The apply and eval functions are used to evaluate lists. Here is the usual way of evaluating expressions:

=> (* 1 2 3)
6
=> (+ 1 2 3)
6
=> (- 1 2 3)
-4

An equivalent way is to use apply like this:

=> (apply * '(1 2 3))
6
=> (apply + '(1 2 3))
6
=> (apply - '(1 2 3))
-4

As you can see, (apply f seq) takes a function f and evaluates it using the items in seq as its input. It’s as if f is “cons-ed” onto seq, and then that expression is evaluated.

The eval function takes an entire list an evaluates it:

=> (eval '(* 1 2 3))
6
=> (eval '(+ 1 2 3))
6
=> (eval '(- 1 2 3))
-4

eval is a very powerful function: it is essentially Clojure implemented in Clojure! For example, you can easily implement your own version of apply using eval:

(defn my-apply [f seq]
        (eval (cons f seq))
)

Rest Args¶

Sometimes it’s convenient to pass an unspecified number of inputs to a function. For example, it’s nice to have a sum function that works like this:

=> (sum 1 2 3)
6
=> (sum 6 7 8 9)
30
=> (sum 6)
6
=> (sum)
0

This cuts down on the number parentheses and ' marks, which makes the code easier to read.
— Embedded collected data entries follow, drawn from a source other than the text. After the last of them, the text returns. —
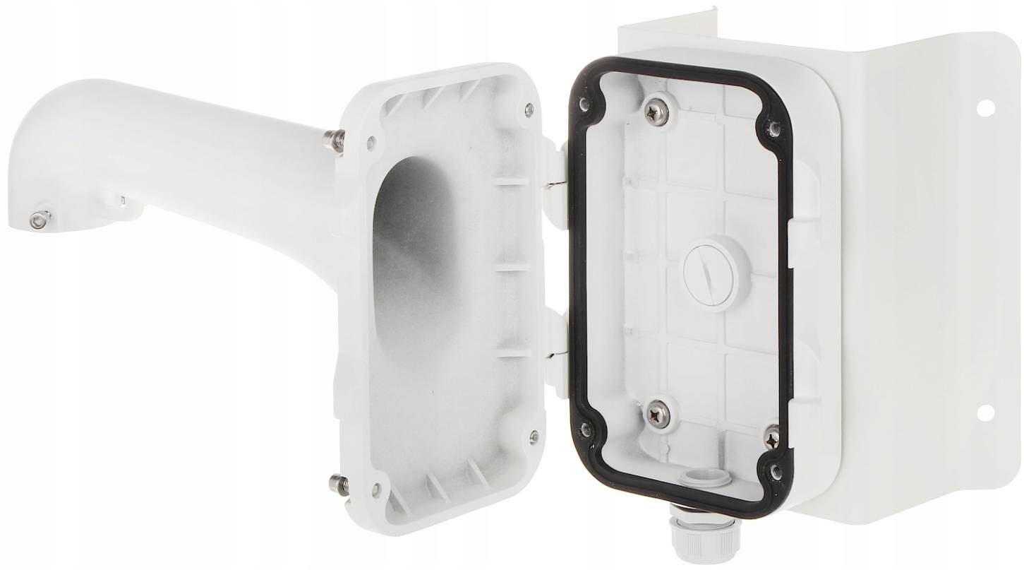 Uchwyt DS-1604ZJ-corner to wysokiej jakości akcesorium montażowe, pomocne w trakcie realizacji stanowisk monitoringu wizyjnego bazujących na nowoczesnych kamerach PTZ Hikvision z serii: 4", 5", 6", 8". Uchwyt zbudowany jest z komponentów aluminiowych i stalowych, które zapewniają odpowiedni poziom niewrażliwości na uszkodzenia mechaniczne, oddziaływanie skrajnych wartości temperatur oraz różnorodnych zjawisk atmosferycznych. Skrzynka połączeniowa posiada dolny wylot i tylny wylot, dając możliwość poprowadzenia okablowania. Uchwyt wyposażony jest w hak do liny zabezpieczającej, który ułatwia instalację szybkiej kopuły. Wodoodporna konstrukcja.
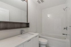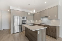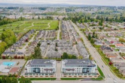 Welcome to AMSON SQUARE, located in the heart of East Newton. This 3 bedroom 2 bathroom north facing unit is one of the biggest in the complex with 1,176 sq.ft. + balcony. An open concept layout with modern finishing, 9 ft ceiling, pot lights, an energy efficient heat pump /air conditioning, laminate flooring throughout the living/dining areas & carpet in the bedrooms with zebra window covering. Kitchen features waterfall island, quartz countertops, high end S/S BOSCH appliances, gas stove and engineered quartz countertops. Outdoor amenities include roof top patio, BBQ area, party hall, rooftop play area for kids with beautiful mountain views. Just steps from local shops, restaurants, elementary schools, high schools & transportation. Hot water & Gas included in strata fee.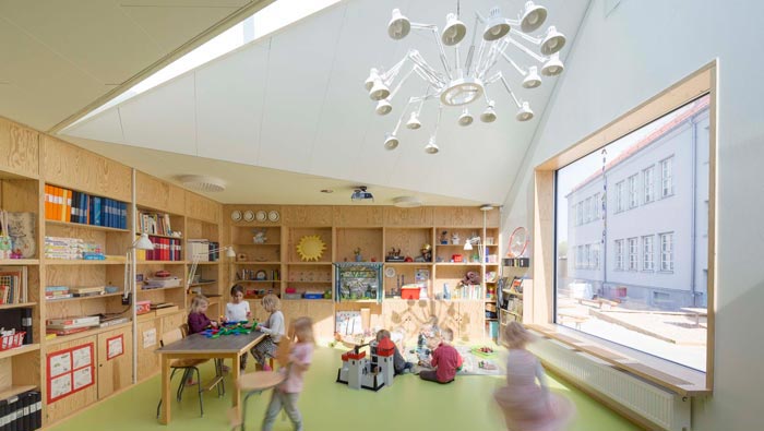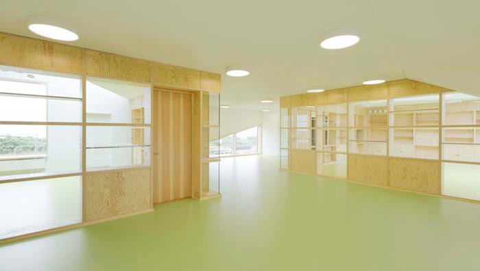 教室內(nèi)部的設(shè)計(jì):內(nèi)部有膠合板制成的“書柜墻”圍繞在空間的四周,與綠色地板一起構(gòu)成了整個(gè)空間的格局,這樣的設(shè)計(jì)為整個(gè)空間創(chuàng)造出,流暢的空間體驗(yàn)和一致性和透明度,讓孩子們?cè)谶@里成長、在這里積累知識(shí)、在這里見證自己的童年。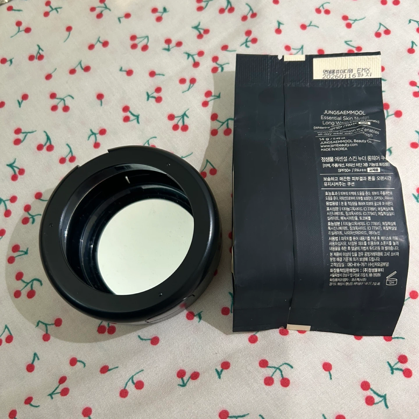 Selling a Jung Saem Mool Essential Skin Nuder Long Wear Cushion. It has SPF50+ PA+++ for sun protection. It's designed to give your skin a smooth and even look for long-lasting wear. Expiry date is 2026 June 16.

In Clojure, you can implement sum using rest arguments:

(defn sum [& nums]
        (apply + nums)
)

Here, nums is the sequence of all the arguments passed to sum — the & tells Clojure that 0 or more inputs are expected.

Argument Destructuring¶

Consider the following function that adds two 2-dimensional points:

    (defn add-points1 [p1 p2]
            (let [x1 (first p1)
                      y1 (second p1)
                      x2 (first p2)
                      y2 (second p2)
                    ]
                    (list (+ x1 x2) (+ y1 y2))
            )
    )

    => (add-points1 '(1 2) '(3 4))
(4 6)

Most of the function is devoted to extracting that data out of p1 and p2. The code isn’t difficult, but it is tedious to write, and thus error- prone (are you sure you got all the 1s and 2s right?).

So Clojure provides a nice feature called destructuring that can help you skip a lot of this sort of data extraction:

(defn add-points2 [[x1 y1] [x2 y2]]    ;; with destructuring
        (list (+ x1 x2) (+ y1 y2))
)

This is shorter and clearer. Clojure automatically assigns the correspond values to x1, y1, x2, and y2.

However, it’s still up to you, the programmer, to pass in correctly formatted data:

=> (add-points2 '(1 2 3) '(3 4 5))
(4 6)
=> (add-points2 '(1) '(3 4 5))
java.lang.NullPointerException (NO_SOURCE_FILE:0)

Multiple Function Signatures¶

Sometimes you want a function to take different numbers, or kinds, of inputs. For example:

=> (make-point)
(0 0)
=> (make-point 8)
(8 8)
=> (make-point 4 5)
(4 5)

You can implement make-point like this:

(defn make-point
        ([] '(0 0))
        ([x] (list x x))
        ([x y] (list x y))
)

Each line of make-point is a different function signature with a different function body.

Here’s another example from http://clojure.org/reference/special_forms:

(defn mymax
  ([x] x)
  ([x y] (if (> x y) x y))
  ([x y & more]
   (reduce mymax (mymax x y) more)))

Functions that Return Functions¶

In Lisp, functions are values that be passed to functions, returned from functions, and assigned to variables. For example:

(defn make-adder [n]
    (fn [x] (+ n x))
)

make-adder takes a number, n, as input and returns a function that adds n to the value given to it. For example:

=> (def add4 (make-adder 4))   ;; note the use of def instead of defn

=> (add4 2)
6
=> (add4 -3)
1

You can even do things like this:

=> ((make-adder 4) 5)
9

When ((make-adder 4) 5) is evaluated, first (make-adder 4) is evaluated, which returns a function, and then this function is applied to 5.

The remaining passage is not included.